Friday 6 August 2010

More (very) random cultural observations

Here's a great one we learnt in Kenya - I'm not sure if Tania already spoke about it. When we were present at community meetings organised by Pamoja Trust, the NGO we helped out in Nairobi, we noticed that instead of clapping, everyone would gesticulate, making what we can only describe as 'jazz hands', whilst murmuring ¨umeme¨. This is because originally such meetings had to be held in clandestine fashion and loud noises avoided. What's interesting is that umeme means both electricity and lightning.

If you see a crowd of men running after one man in Africa (or at least the Eastern parts we visited), it´s likely that the people are self-policing against a thief.

Something that must be seen to be believed - a group of giggling Mexican men pushing onto an empty metro train, desparate to get the free seats. Normally fairly civilised, offering seats to women and the elderly, something clearly (almost literally) goes out the window when a threshold of numbers on the platform is reached and there are empty seats available. Mind you, India takes the cake when it comes to trying to get on and off public transport. Instead of waiting to let people off (something which we just about - grudgingly - manage in Mexico City), everyone goes hell for leather at the same time, making the whole process longer and fairly exhausting. My humble theory is that these are examples of people (ok, men) just wanting to get a little boyish frolicking into their lives.

In the Mexican Metro, they have big fans, through which at certain times of the day, some kind of spray is pumped out, presumably to kill some kind of harmful little bugger. Folks seem quite unfazed by this, often reaching up to get in a free hand clean. I wonder how that would go down in Waterloo Station, with no explanation. Mind you, swine flu did basically shut down this city for a few weeks, only a year ago.

Here in Mexico, you hear a lot about Quetzalcoatl, an ancient god who had the form of a feathered snake. You see the image all over the place - at archaeological sites, in murals;
in fact one of our ex-flatmates is going to get a tattoo of Quetzalcoatl, amongst other national symbols. Quetzalcoatl has been worshipped all over Mesoamerica, since well before the time of Christ. There was a period where he was supposed to have lived as a man, although Monica told us that, paradoxically, by this time he was already being worshipped as a god in other areas. He was said to have a very white face and therefore looked different to the rest of his people.
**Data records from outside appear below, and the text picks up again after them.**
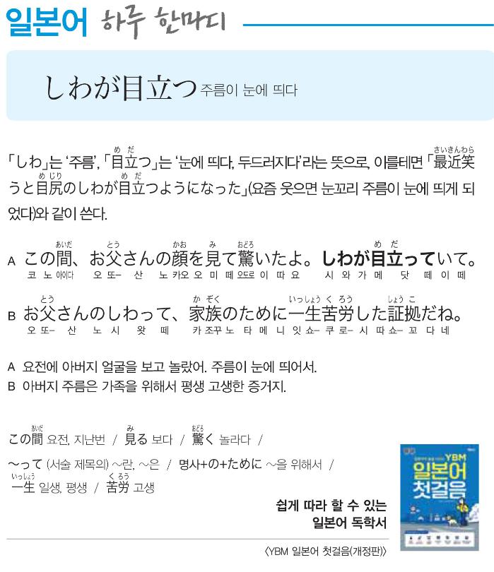 [일본어 하루 한마디] 주름이 눈에 띄다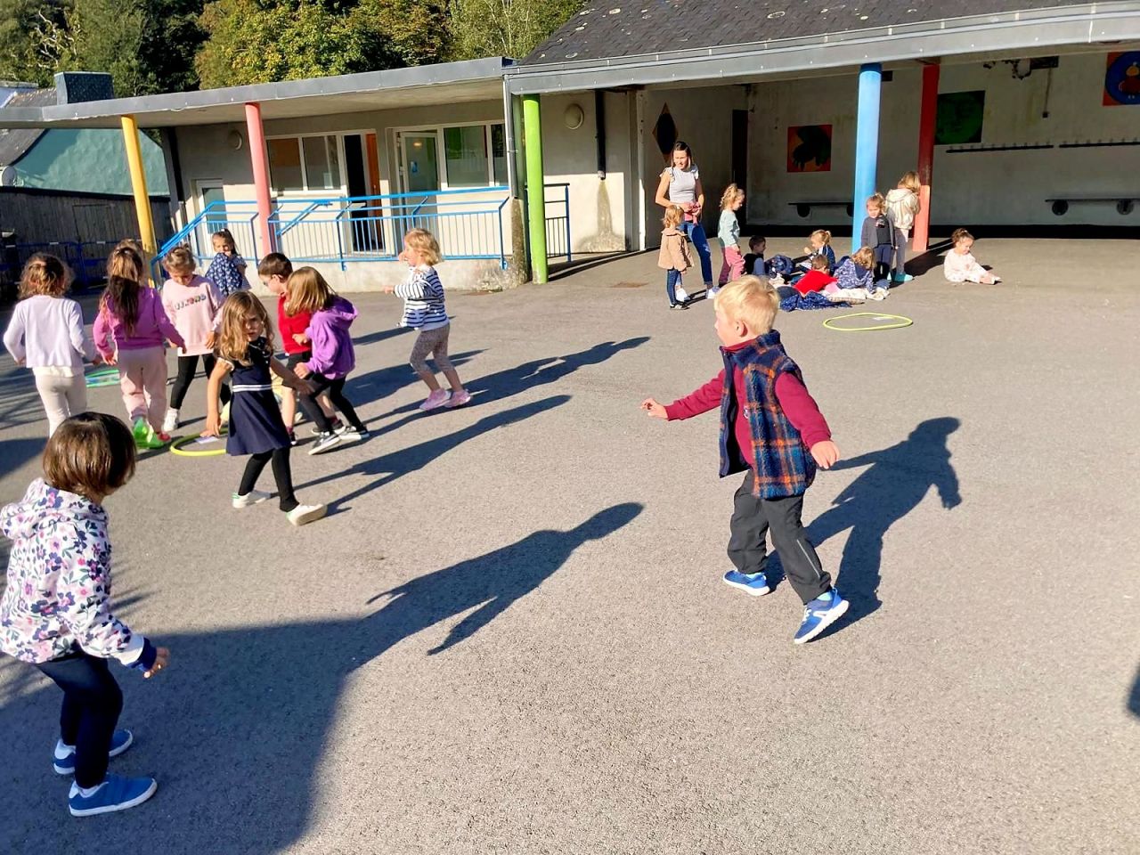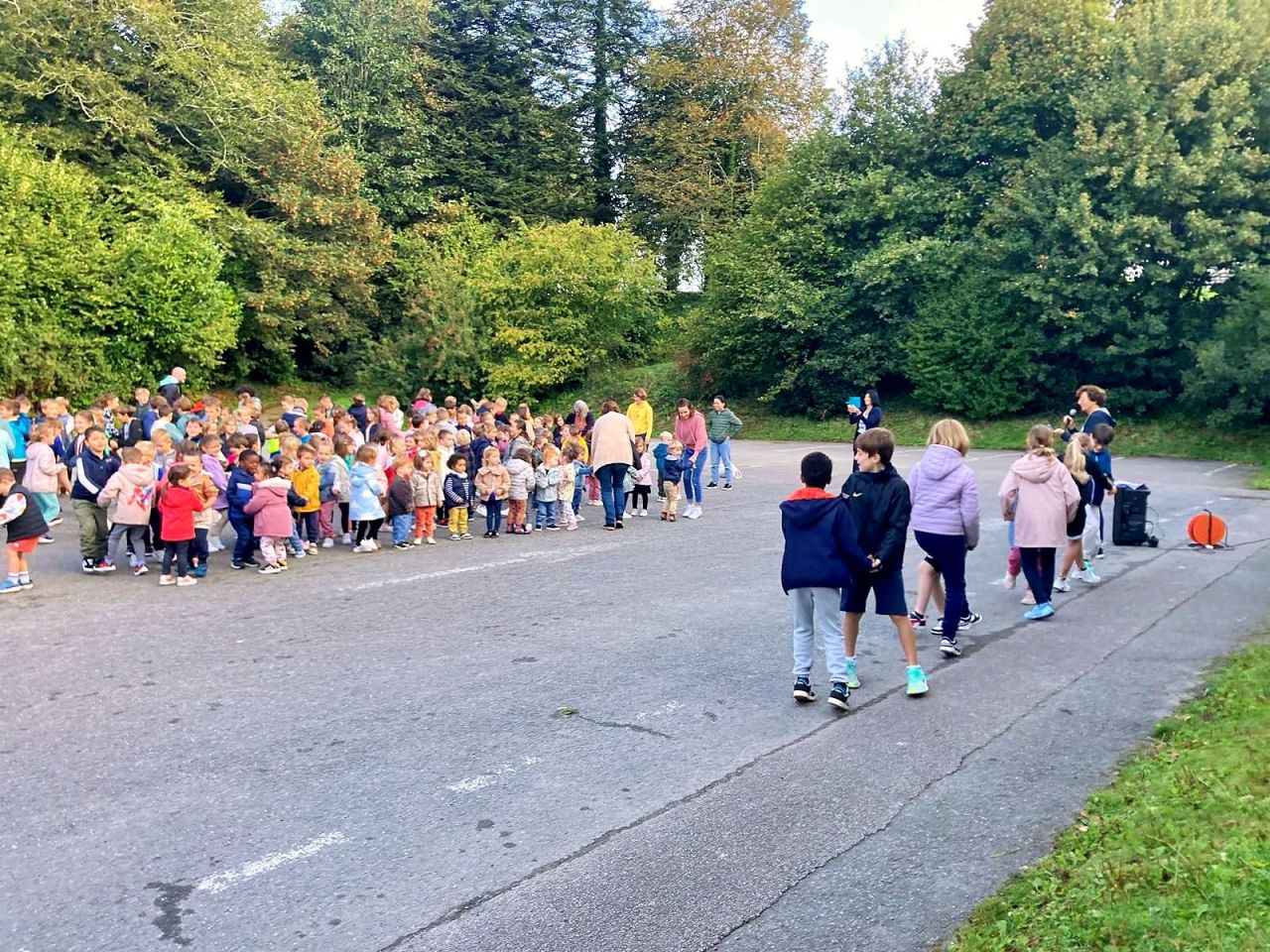 En matinée, les groupes des maternelles ont arpenté les abords de l'école, le bourg et l'entrée du bois.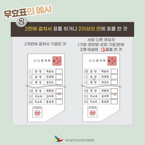 - 서로 다른 후보자(기호·정당명·성명·기표)란에 2개 이상의 기표마크를 한 것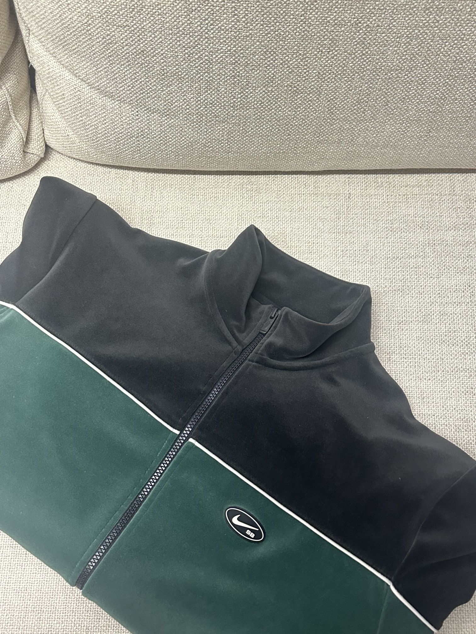 本篇笔记关联了Nike SB 丝绒滑板立领夹克 DD0574 绿等商品,为用户提供真实的使用体验和购买参考。

Which is why, when Hernán Cortés led the Spanish invasion in the 16th century, the indigenous people thought that Quetzalcoatl had returned in the form of Cortés.

Monica told us about connections between Mexico and Asia, particularly interesting being sort of reflections in iconography. Firstly, let me say that sometimes Mexicans do look remarkably similar to Asians - both racial groups share Mongolic genetics. In the Anthropology Museum we saw statues in Buddha-like poses, yet dating from BEFORE the birth of Buddha. And this is great - the Ancient Sun Stones (e.g. this one, covered by Wired), of which you see many reproductions in tourist hotspots, were bounded by a two-headed snake. Turn the whole thing upside down and you quite clearly see a Chinese dragon. Freaky, eh?

For ancient Mesoamerican cultures such as the Maya and the Aztecs, 20 was a very important figure. Their calendars divided periods into 20 and their abacus was base 20. The supposed reason for this is because, with their open toed sandals (huaraches), they could easily count to twenty using all the digits of their hands and feet.